The basic idea of this approach is to solve the problem iteratively.

 

Let DP[I] J] be our dynamic programming matrix to store the length of LCS of substring STR1[0: I-1] and STR2[0:J-1].

 

Now, consider the following steps:

Start traversing the “STR1” using a variable ‘i’
Create a nested loop and start traversing the “STR2” using a variable ‘J’

 

If either ‘I’ or ‘J’ is zero then DP[I][J] = 0 because one of the strings is empty.
If ( STR1[I-1] == STR2[J-1] ) which means the current character of both strings matches then it is optimal to include the current character in the LCS. Therefore, find the LCS of the remaining characters of both strings. DP[I][J] = DP[I-1][J-1] + 1


Otherwise, we can not have both STR1[I-1] and STR2[J-1] at the end of the LCS which means either of them can be ignored. Now there are two possibilities, either we ignore STR1[I-1] and get the LCS of the rest of the characters and vice versa. We should choose the option which maximises the LCS i.e. DP[I][J] = max(DP[I-1][J], DP[I][J-1])

 

Now we can get the length of LCS from DP[N][M] where ‘N’ and ‘M’ are the length of “STR1” and “STR2” respectively.
 

04 Approach

We can observe in the previous approach that the current state depends on one immediate previous row. This suggests using a dynamic programming matrix of 2*M dimension instead of using N*M dimension.

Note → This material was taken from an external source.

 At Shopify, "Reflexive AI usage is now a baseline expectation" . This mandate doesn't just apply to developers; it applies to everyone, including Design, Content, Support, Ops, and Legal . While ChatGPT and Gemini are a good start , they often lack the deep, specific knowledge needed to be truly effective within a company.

Let DP[ 2 ][ M ] be our dynamic programming matrix to store the length of LCS of the substring.

 

Now, consider the following steps :

Initialize a variable ‘T’ to zero which denotes the current row of “DP” matrix.


Start traversing the “STR1” using a variable ‘I’

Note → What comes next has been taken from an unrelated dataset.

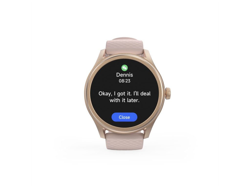 - ceas inteligent cu funcție de telefon, notificări, monitorizare a funcțiilor corpului și multe alte funcții pentru un stil de viață modern și activ - afișaj TFT-LCD full-touch, ușor de utilizat, de 1,38" - asistent vocal Siri sau Asistent Google; direct de pe ceas te poți conecta cu asistentul vocal de pe telefonul mobil - primirea/efectuarea apelurilor folosind ceasul, prin Bluetooth, chiar si fara telefon mobil; ideal de ex. atunci când gătești, lucrezi în grădină, în timpul sportului sau când te miști - notificare de mesaje (WhatsApp, Facebook, Instagram etc.), e-mailuri, apeluri folosind vibrații și notificări pe afișaj, unde puteți citi imediat mesajele - rezistent la apa conform standardului IP68, potrivit pentru toate activitatile in apropiere, pe sau in apa - o selecție de 100 de sporturi, dintre care 20 le puteți salva în ceas - măsurarea ritmului cardiac, chiar și în repaus și în timpul somnului - măsurarea nivelului de stres, a conținutului de oxigen din sânge, a caloriilor arse, a pașilor făcuți și a distanței - monitorizarea somnului: etape de somn ușor și profund, REM (vise) și treziri și scoruri de calitate a somnului - controlul muzicii de pe un telefon mobil folosind un ceas: de ex. pornire, oprire, piesa următoare/anterioră, inclusiv Spotify - aplicație fiabilă și ușor de utilizat „Hama FIT move” - aplicație în limba slovacă, ceas în limba cehă (setări în aplicație) - recunoaștere automată a activității - la o singură încărcare, ceasul poate dura 7 zile de utilizare normală sau 5 zile de utilizare intensivă - incarcare rapida in 2,5 ore - posibilitatea de conectare la aplicația Apple Health, Google Fit sau Strava pentru mai multe analize - posibilitatea de a regla luminozitatea afișajului pentru a se adapta la condițiile actuale de iluminare - posibilitatea de a alege un design de afișare din peste 100 de teme sau de a utiliza o fotografie din propria galerie foto - activarea afișajului prin mișcarea mâinii - stimulare delicată a vibrațiilor - Raport meteo - funcția de memento, de ex. întâlniri, apă potabilă, exerciții fizice, oxigenare scăzută a sângelui - modul nu deranja - posibilitatea de a gasi un telefon folosind functia de pe ceas - măsurarea nivelului de stres prin puls - modul de relaxare: daca nivelul de stres este ridicat sau te simti sub presiune, fa cateva exercitii de respiratie ghidate pentru a te calma - declanșare de la distanță pentru camera telefonului mobil - funcții suplimentare: lanternă, scurgerea apei, cronometru, cronometru, ceas cu alarmă, calendar, calculator, urmărire ciclului menstrual - incarcare "magnetica" convenabila: cablul inclus in pachet este conectat la ceas cu ajutorul unui magnet - curea usoara, placuta la purtat - baterie: Litiu polimer 300 mAh - Versiunea Bluetooth: 5.3 - display: TFT-LCD (1.38") - luminozitate: 450 nits - densitate pixeli: 262 ppi - rezolutie ecran: 240x240 pixeli - timp de răspuns la afișare: 27,78 FPS - Clasa de protecție IP: IP68 (protecție împotriva pătrunderii prafului și imersiei permanente) - dimensiuni (L x L x A): 5,2 x 4,6 x 1,4 cm - lungime curea: min. 16,3 cm, max. 20,4 cm - latime curea: 2,2 cm - greutate: 60 g - material: aliaj de zinc/plastic (corp ceas), silicon (curea) - culoare: roz/aur rozCerințe de sistem:

Create a nested loop and start traversing the “STR2” using a variable ‘J’

If either ‘I’ or ‘J’ is zero then DP[T][J] = 0 because one of the strings is empty.


If ( STR1[i-1] == str2[j-1] ) which means the current character of both string matches then it is optimal to include the current character in the LCS. Therefore, find the LCS of the remaining characters of both strings. DP[t][j] = DP[t^1][j-1] + 1


Otherwise, we can not have both STR1[i-1] and str2[j-1] at the end of the LCS which means either of them can be ignored. Now there are two possibilities, either we ignore STR1[i-1] and get the LCS of the rest of the characters and vice versa. We should choose the option which maximises the LCS i.e. DP[t][j] = max(DP[t^1][j], DP[t][j-1])


Now, toggle the ‘T’ i.e. T = (T XOR 1). The reason behind this is we want to use the current row of “DP” matrix in the next iteration.

 

Now we can get the length of LCS from DP[t^1][M] where ‘M’ is the length of “STR2”.